Scandic Hotels (SHOT) Q1 2026 earnings summary
Event summary combining transcript, slides, and related documents.
Q1 2026 earnings summary
22 Apr, 2026Executive summary
Q1 2026 saw stable growth and solid results, with net sales up 3.1% to SEK 4,689 million and organic growth of 4.7%.
Adjusted EBITDA was SEK 105 million, margin stable at 2.2%, and net loss improved to SEK -195 million from SEK -217 million last year.
Strong cash flow and financial position support future growth, with leverage at 0.2x net debt/EBITDA.
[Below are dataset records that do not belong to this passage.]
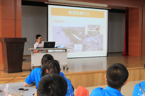 上午8:30,营员们在志愿者的带领下,聆听航模培训,了解航模制作的注意事项和各种技巧。本次培训由航模协会的志愿者主讲。在培训过程中,主讲人耐心细致地向营员们讲解航模知识,用形象的旁例解释抽象的概念;营员们认真聆听,及时记录,为下午的航模制作做准备。志愿者们还向营员们展示了自己的作品,引得营员们纷纷叫好,现场气氛十分活跃。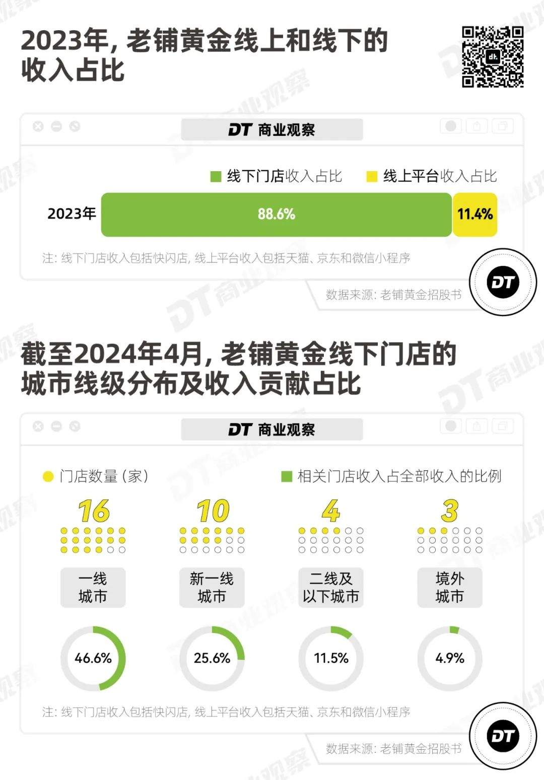 但和其他黃金品牌拓展多個城市、甚至開放加盟的情況不同,老鋪黃金的門店數並不多,一共只有33家,而且近8成店鋪集中在一線城市和新一線城市,以入駐高端商場為主。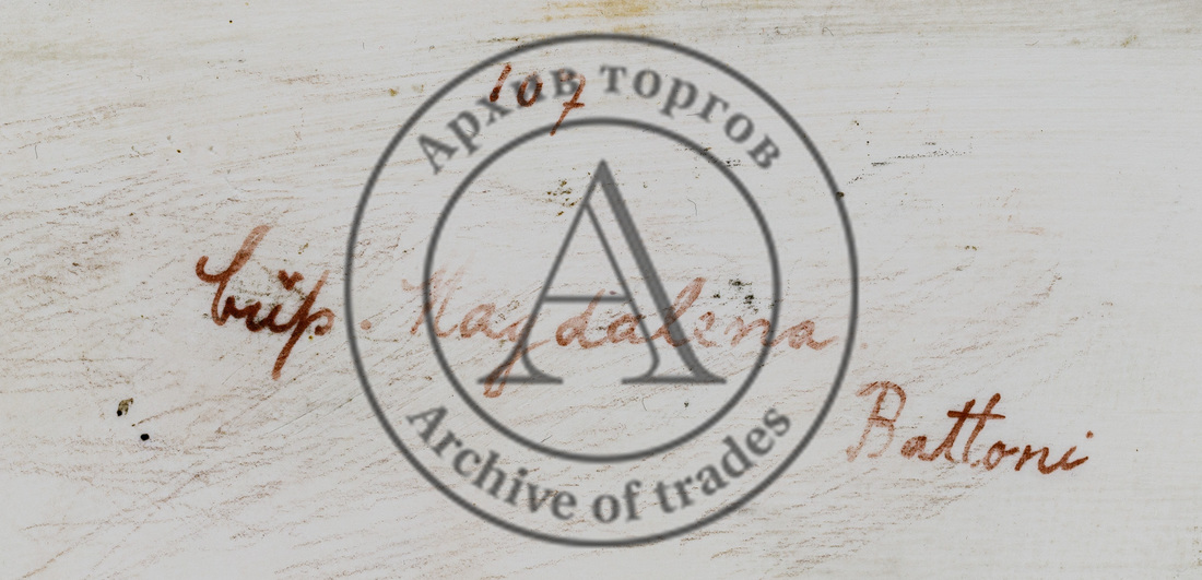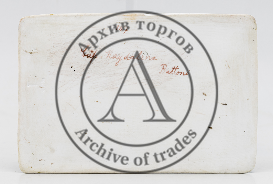 Марки: под изображением скипетра «KPM» в тесте; «107» от руки красным; на оборотной стороне от руки «büß. Magdalena // Battoni» («Кающаяся Магдалина» (сокращенно), худ. Батони).

Dalata acquisition and integration are progressing as planned, with completion expected in H2 2026.
Strong booking situation for Q2, with high leisure demand and stable business travel.
Financial highlights
Adjusted EBITDA reached SEK 105 million, margin 2.2%, and net sales grew to SEK 4,689 million.
Free cash flow improved to SEK -473 million from SEK -680 million, reflecting seasonality.
Net debt at SEK 510 million, leverage at 0.2x, down from 0.4x year-over-year.
Dalata contributed SEK 56 million in net sales and SEK 50 million in adjusted EBITDA.
Operating profit rose to SEK 212 million from SEK 194 million year-over-year.
Outlook and guidance
Q2 expected to see slightly higher occupancy and room rates than last year, with strong demand and a robust event calendar.
No direct impact from geopolitical uncertainty or Middle East conflict on demand.
Eight hotels scheduled to open in 2026, with 22 hotels in the pipeline.
Energy costs expected to normalize as winter ends; no significant price increases anticipated.